A few days ago, the world woke up to news of a major US tech giant sending a 6 AM email — signed not by HR, not by a manager, but simply by the “Company Leadership”. Roles eliminated. Access revoked. Sign the DocuSign first, severance comes after. No call. No warning. No human voice. Tens of thousands gone in the time it takes to finish a cup of morning tea.
Reading that story took me straight back to a very similar morning during the dot-com bust. I was running a 72-person India centre for a US technology company when my phone lit up before breakfast. The message from HQ was blunt: Shut it down. Collect the hardware at the door, hand over the severance, and close the office. No playbook. No transition plan.
The Inner Core Pivot
My first thought wasn’t about the process; it was about the people and their families — the engineer with a new home loan, the new hire still learning the ropes. I sat with that feeling for exactly as long as I could afford to.
I informed HQ: “Give me a couple of hours”. I needed to move from shock to an Agentic Mindset. When my Finance head asked, “What do we do?”, something clicked.

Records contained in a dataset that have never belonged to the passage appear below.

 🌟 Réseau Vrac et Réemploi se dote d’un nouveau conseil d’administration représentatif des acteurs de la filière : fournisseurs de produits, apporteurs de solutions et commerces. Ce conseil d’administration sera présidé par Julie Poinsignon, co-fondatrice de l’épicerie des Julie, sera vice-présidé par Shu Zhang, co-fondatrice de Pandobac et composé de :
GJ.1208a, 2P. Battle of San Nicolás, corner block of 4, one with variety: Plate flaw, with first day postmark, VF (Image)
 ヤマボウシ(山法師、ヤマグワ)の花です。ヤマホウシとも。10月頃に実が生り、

That small pivot — from being a victim of the news to finding agency — is where leadership actually begins.
Strategic Perspective Taking
I utilized a framework we now call Strategic Perspective Taking. I had to step into three sets of shoes simultaneously:
- The Team’s Shoes: What they needed wasn’t a platitude; they needed another job, fast. Security. Income. Dignity.
- HQ’s Shoes: What were they genuinely trying to achieve? Clean costs and a rapid transition.

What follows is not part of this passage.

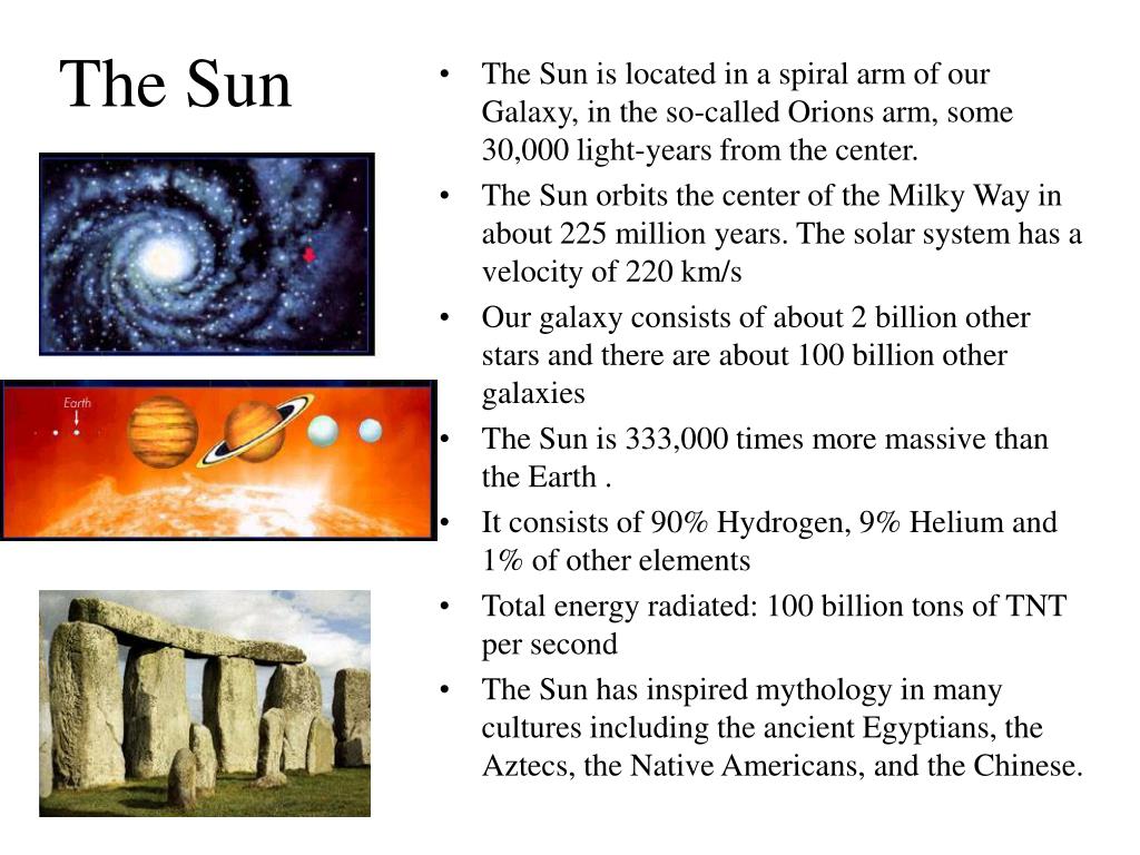 The Sun • The Sun is located in a spiral arm of our Galaxy, in the so-called Orions arm, some 30,000 light-years from the center. • The Sun orbits the center of the Milky Way in about 225 million years. The solar system has a velocity of 220 km/s • Our galaxy consists of about 2 billion other stars and there are about 100 billion other galaxies • The Sun is 333,000 times more massive than the Earth . • It consists of 90% Hydrogen, 9% Helium and 1% of other elements • Total energy radiated: 100 billion tons of TNT per second • The Sun has inspired mythology in many cultures including the ancient Egyptians, the Aztecs, the Native Americans, and the Chinese.

- The Market’s Shoes: What signals was the market sending?
Strategic Alignment for Autonomy
Fate intervened in the most Bengaluru way possible: a sudden Karnataka bundh. I called HQ and told them nothing could move today. That one day bought us the space to think before acting.
When I spoke to the HQ lead, I practiced Strategic Alignment. I acknowledged the situation and promised to stay within the severance budget, but I insisted: “Give me the space to do this my way”. I aligned with their goals to buy the freedom I needed for my people.
High-Stakes Communication & Tactical Rigor
During the All-Hands, I avoided the “fancy conference room” and kept it direct. I used Strategic Silence, allowing the anger and tears to move through the room because it was necessary. Then, I reframed the narrative: “Now we get to work… on your futures”.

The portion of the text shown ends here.